**Instructions for the task**
Exactly reproduce the line containing "파이프 설계에 따라 압력 파이프 또는 중력 파이프 탭을 클릭합니다." and all later lines to the end of the entries, leaving the pictures out of your copy.

**Entries supplied**
++++++

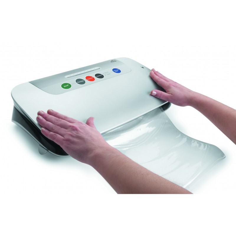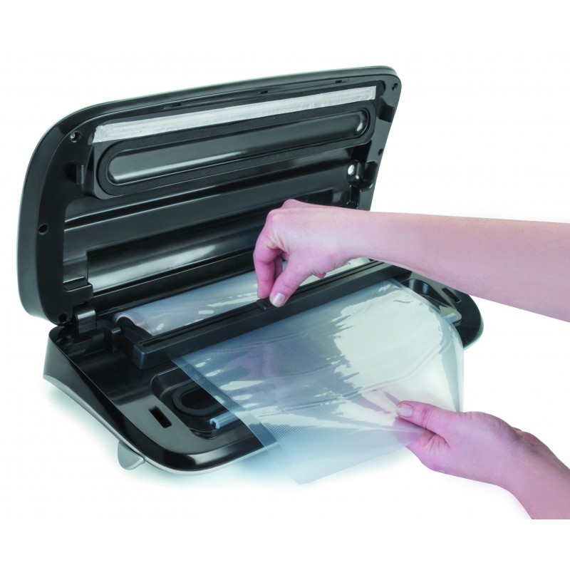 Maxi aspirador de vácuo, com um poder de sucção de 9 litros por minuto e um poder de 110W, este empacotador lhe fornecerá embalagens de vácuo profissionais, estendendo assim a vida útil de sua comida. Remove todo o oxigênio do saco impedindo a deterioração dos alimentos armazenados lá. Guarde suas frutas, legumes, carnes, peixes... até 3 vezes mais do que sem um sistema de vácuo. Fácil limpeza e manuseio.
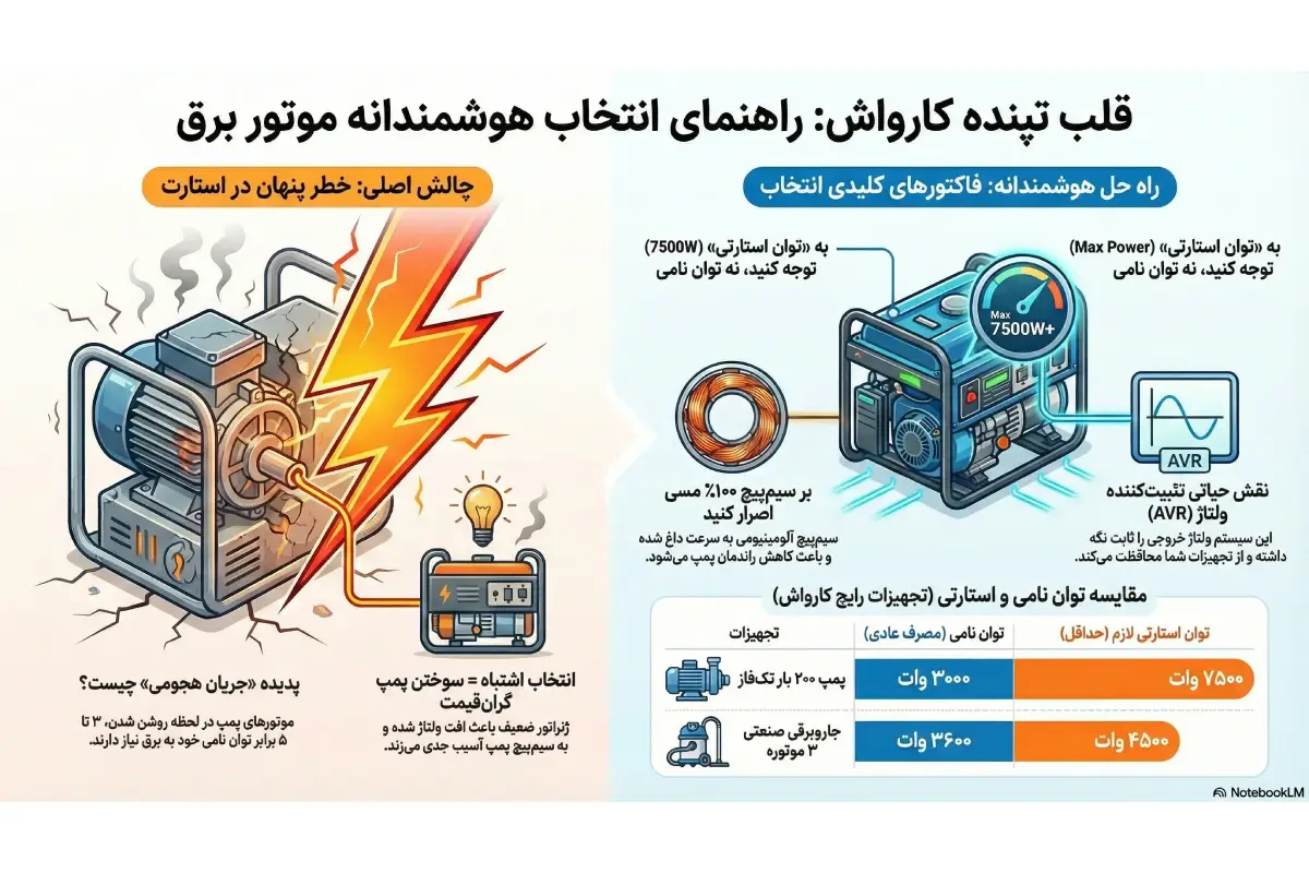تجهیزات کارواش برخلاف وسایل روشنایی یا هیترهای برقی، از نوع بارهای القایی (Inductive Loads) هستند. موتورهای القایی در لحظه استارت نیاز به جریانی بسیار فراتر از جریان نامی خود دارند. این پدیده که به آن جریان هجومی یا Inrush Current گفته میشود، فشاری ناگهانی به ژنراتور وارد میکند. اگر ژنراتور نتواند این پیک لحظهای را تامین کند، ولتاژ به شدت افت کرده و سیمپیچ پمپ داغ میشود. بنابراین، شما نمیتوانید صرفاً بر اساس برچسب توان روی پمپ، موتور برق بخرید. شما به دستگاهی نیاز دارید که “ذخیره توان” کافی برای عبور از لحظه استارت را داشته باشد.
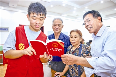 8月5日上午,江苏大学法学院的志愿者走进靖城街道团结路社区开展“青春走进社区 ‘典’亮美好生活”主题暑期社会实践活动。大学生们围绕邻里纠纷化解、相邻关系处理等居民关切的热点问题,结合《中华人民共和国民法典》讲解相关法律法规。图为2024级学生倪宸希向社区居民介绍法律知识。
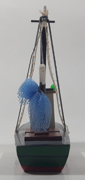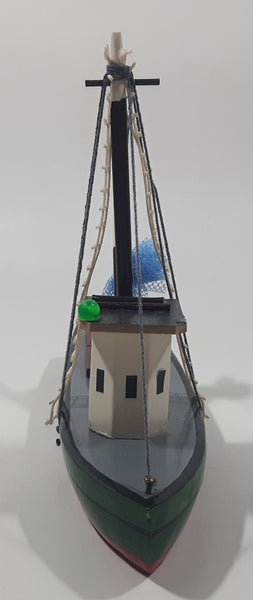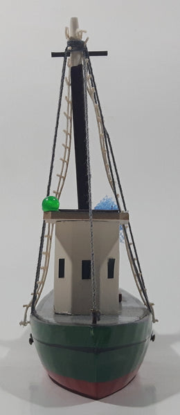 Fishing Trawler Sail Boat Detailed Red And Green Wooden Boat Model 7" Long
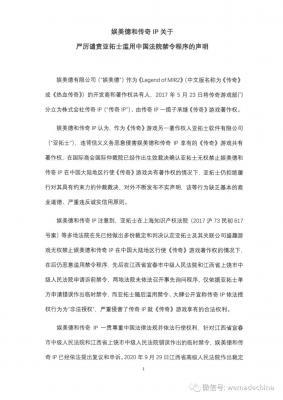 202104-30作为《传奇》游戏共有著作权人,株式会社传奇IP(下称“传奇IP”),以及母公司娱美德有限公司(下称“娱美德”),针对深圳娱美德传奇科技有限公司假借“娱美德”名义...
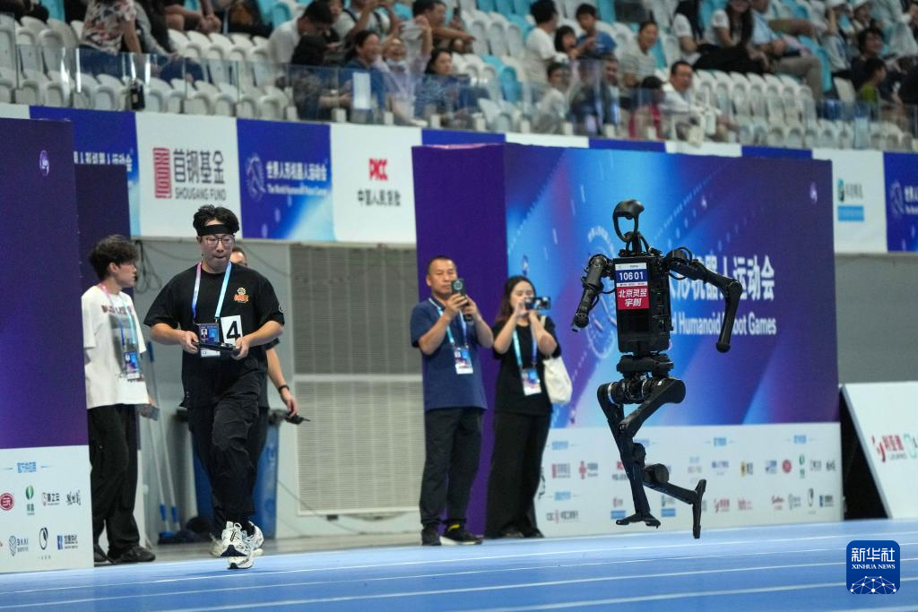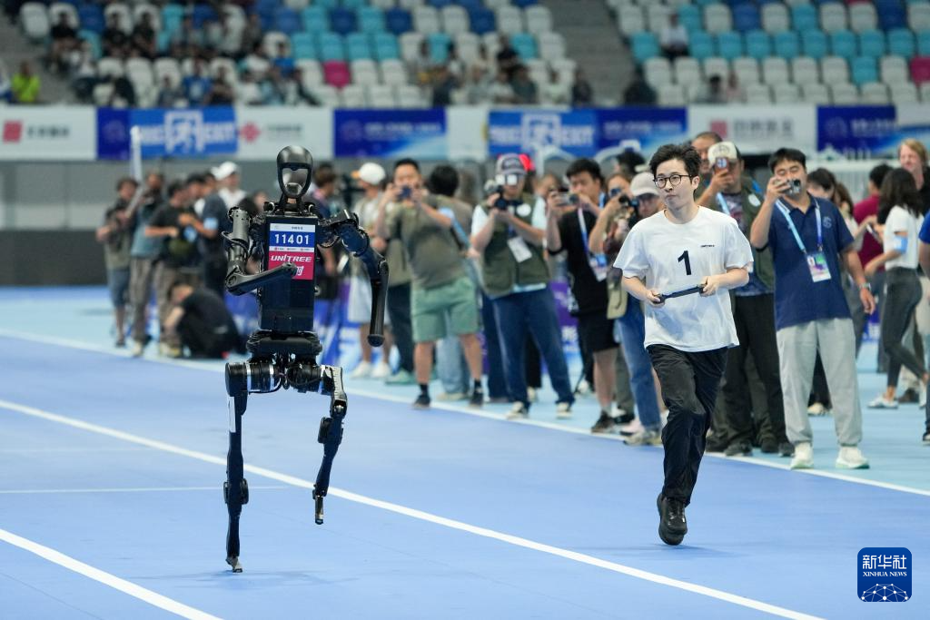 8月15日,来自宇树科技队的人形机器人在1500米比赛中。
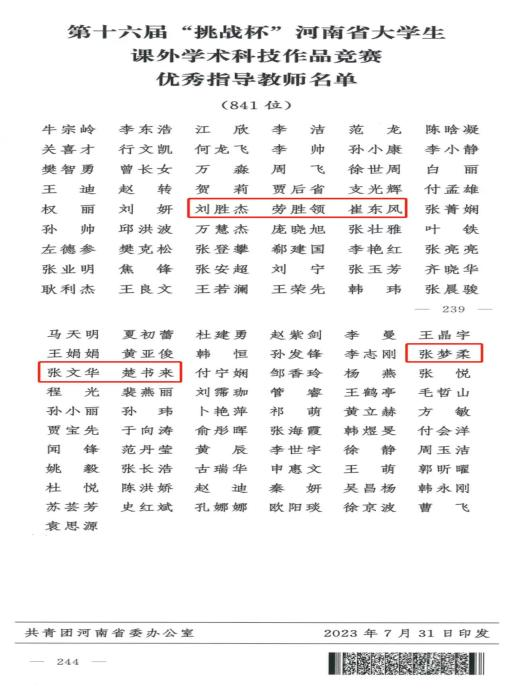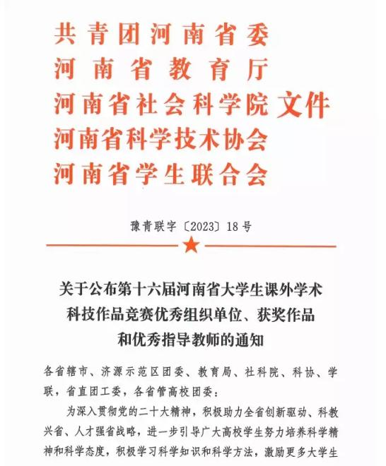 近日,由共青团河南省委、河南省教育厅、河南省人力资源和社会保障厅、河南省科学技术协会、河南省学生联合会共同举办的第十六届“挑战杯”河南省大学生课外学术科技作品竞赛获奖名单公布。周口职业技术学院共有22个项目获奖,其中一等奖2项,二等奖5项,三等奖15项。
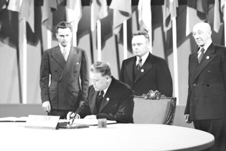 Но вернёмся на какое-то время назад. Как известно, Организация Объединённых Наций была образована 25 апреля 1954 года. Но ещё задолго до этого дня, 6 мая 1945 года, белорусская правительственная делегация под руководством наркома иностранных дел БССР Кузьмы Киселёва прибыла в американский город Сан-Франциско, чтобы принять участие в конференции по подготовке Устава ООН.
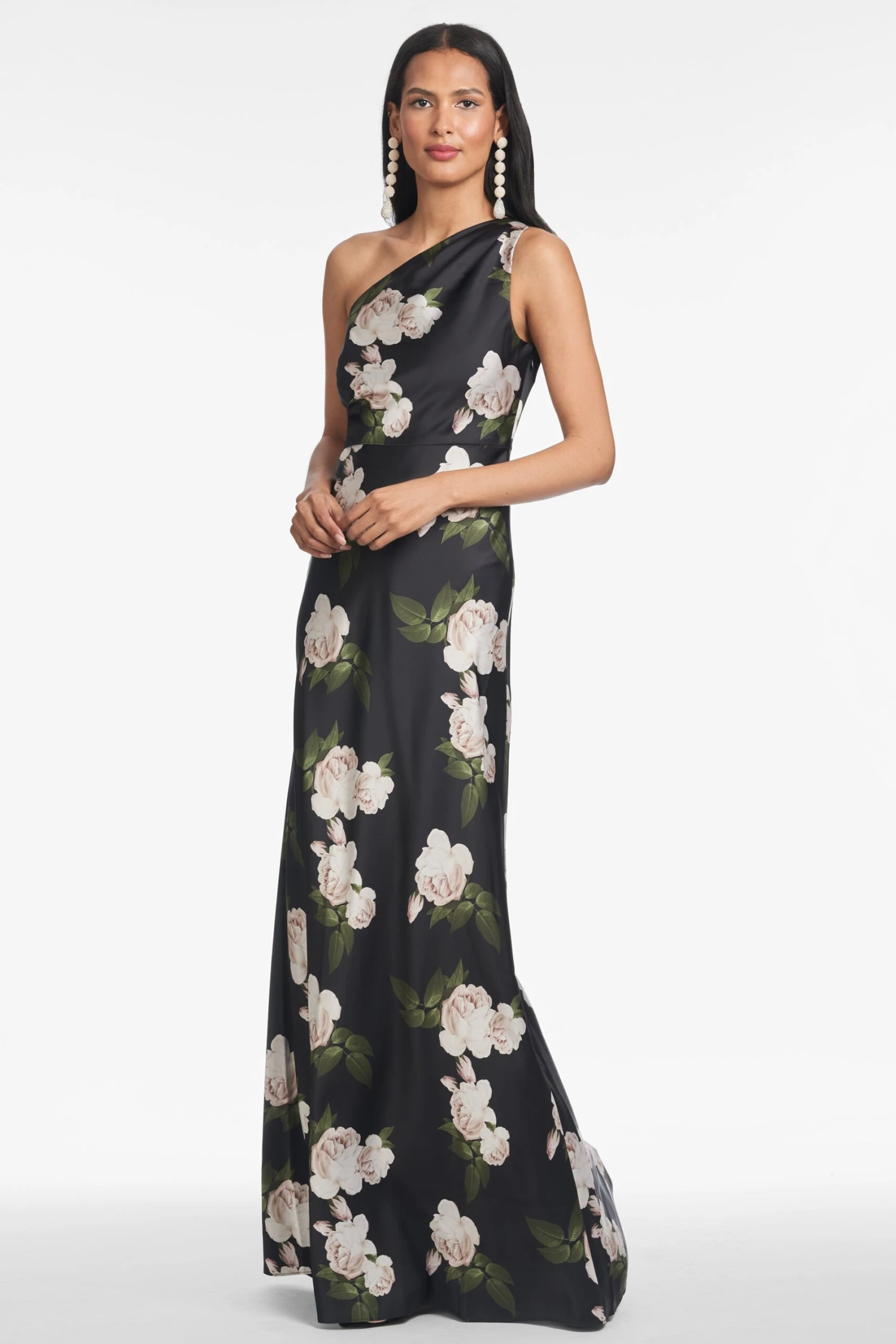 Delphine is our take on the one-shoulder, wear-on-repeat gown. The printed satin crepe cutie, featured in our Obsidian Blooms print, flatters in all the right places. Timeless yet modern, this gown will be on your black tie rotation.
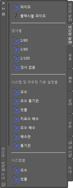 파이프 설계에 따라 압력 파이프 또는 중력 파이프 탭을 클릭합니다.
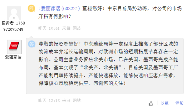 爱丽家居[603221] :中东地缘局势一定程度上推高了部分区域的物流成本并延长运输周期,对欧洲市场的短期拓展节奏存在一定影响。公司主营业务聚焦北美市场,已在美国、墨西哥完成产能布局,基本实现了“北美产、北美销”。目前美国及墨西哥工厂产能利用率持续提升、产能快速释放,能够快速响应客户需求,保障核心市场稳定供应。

++++++

**Exercise solution**
 파이프 설계에 따라 압력 파이프 또는 중력 파이프 탭을 클릭합니다.
 爱丽家居[603221] :中东地缘局势一定程度上推高了部分区域的物流成本并延长运输周期,对欧洲市场的短期拓展节奏存在一定影响。公司主营业务聚焦北美市场,已在美国、墨西哥完成产能布局,基本实现了“北美产、北美销”。目前美国及墨西哥工厂产能利用率持续提升、产能快速释放,能够快速响应客户需求,保障核心市场稳定供应。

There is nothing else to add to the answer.